I've still got partials out with a few agents. May try a few more. I give a couple handfuls of agents a whirl with each book.

Danita Cahill said...

Oh, and as an aside, I heard from an editor at the Sunday paper today. An essay I wrote will be in this Sunday's edition.

Ah, I do enjoy seeing my byline in bold print. A little sickness I seem to have contracted somewhere...ha!

Karen Duvall said...

I'm with Eli, Danita. I would never send directly to an editor, not these days. Since everyone and their brother, sister and cousin are writing books now because computers have made it so "easy" (snort), publishers are to the point of thinking that if it's not screened by an agent first, it must be crap. Not all are that way, of course. And since there are only 7 major U.S. publishers left, well...

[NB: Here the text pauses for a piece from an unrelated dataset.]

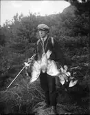 En man (jägare) med jaktvapen och en fågel i handen. Bostadshus i bakgrunden.

I know you can send unsolicited material directly to Harlequin. As for the others, unsolicited material gets tossed in a slush pile and after collecting cob webs and dust for several months are then read by interns at a pizza party. The odds of getting picked from the pile are less than stellar.

Danita, I'd never be one to tell you what's best, but I'm just sayin'... 8^) Get an agent. Seriously.

Karen Duvall said...

Oh, I forgot to chime in on the query/partial thing. Just do what the guidelines say. It's safer to follow directions rather than risk the wrath of an overworked agent. I'm still waiting to hear back on the partials I sent along with queries to a few agents who wanted both. I know a lot of agents choose not to respond at all if they're not interested, and I think that's just plain rude. But that's how it is.

Danita Cahill said...

So far it's unanymous -- Get an agent Cahill!

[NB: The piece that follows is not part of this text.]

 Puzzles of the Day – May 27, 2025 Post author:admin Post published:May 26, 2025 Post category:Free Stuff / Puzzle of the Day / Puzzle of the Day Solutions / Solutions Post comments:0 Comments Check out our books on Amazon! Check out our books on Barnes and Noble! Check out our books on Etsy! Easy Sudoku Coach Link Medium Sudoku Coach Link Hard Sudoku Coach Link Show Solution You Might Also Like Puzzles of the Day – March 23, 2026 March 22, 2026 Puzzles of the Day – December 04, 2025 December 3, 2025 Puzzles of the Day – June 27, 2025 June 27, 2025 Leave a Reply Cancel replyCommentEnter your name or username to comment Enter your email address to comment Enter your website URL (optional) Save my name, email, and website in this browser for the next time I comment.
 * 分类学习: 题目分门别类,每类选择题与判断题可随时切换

The only thing I'd love more than finding a good agent, as far as writing goes, is to find a good editor who loves my work.

Alice Sharpe said...

"The only thing I'd love more than finding a good agent, as far as writing goes, is to find a good editor who loves my work."

Danita, one will follow the other.

Don't give up on the agent thing, just keep working your way down your list. One of these people is going to read your stuff, read it again to make sure she understood the digit nibbling part (on the new book) sit up straight and grin ear to ear. Then she'll get on the phone.

Maybe she's not the first agent you'd choose, so what? Maybe she's new, maybe she (or he) is tired of reading the same old thing. Who knows?

The editor comes after that.

Danita Cahill said...

This is sort of funny advice coming from you, Alice. You of multi-pub credits under your belt...and no agent.

But I'm off to send some queries to agents now.

Karen Duvall said...

Ah, but Alice is published with the one major publisher that doesn't require agented submissions.

Danita, go to www.querytracker.net

Join and create your own query list, and let querytracker track your submissions for you. I love it! Try it and you'll see what I mean.

Danita Cahill said...

Thanks for the query tracker site, Karen. I remember you mentioning it at the retreat. You also mentioned an agent you thought I should send to -- which I just did, plus another. Both are new.

wavybrains said...

I also haven't submitted directly to editors. Most agents are leary of work that has already been shopped around.

With agents, I kept to their guidelines until I noticed that I always got a full or partial request from those that had the first few pages. Perhaps that means that I suck at query letter writting. So, I enclosed the first five pages on a few additional queries--and lo and behold, more responses! With e-queries though, it is much harder to vary from what they ask for, so I'd keep in mind what format you are submitting in.

wavybrains said...

Oh, and if agent searching is getting you down, I might add that I did over 20 odd queries before I got my first full request. I've done close to 50 agent queries for the YA. I seem to get a full request out of every 10 that I send out. It really does pay off to query very broadly. (Says the one who doesn't actually have an agent :P)

Danita Cahill said...

But you do have some fulls out right now, don't you Wavy?

Thanks for your take on this. Maybe check out the link I sent to the loop about the writer who blanketed both agents and editors with queries -- 32 in a week. And when he got an offer of representation, what did he do?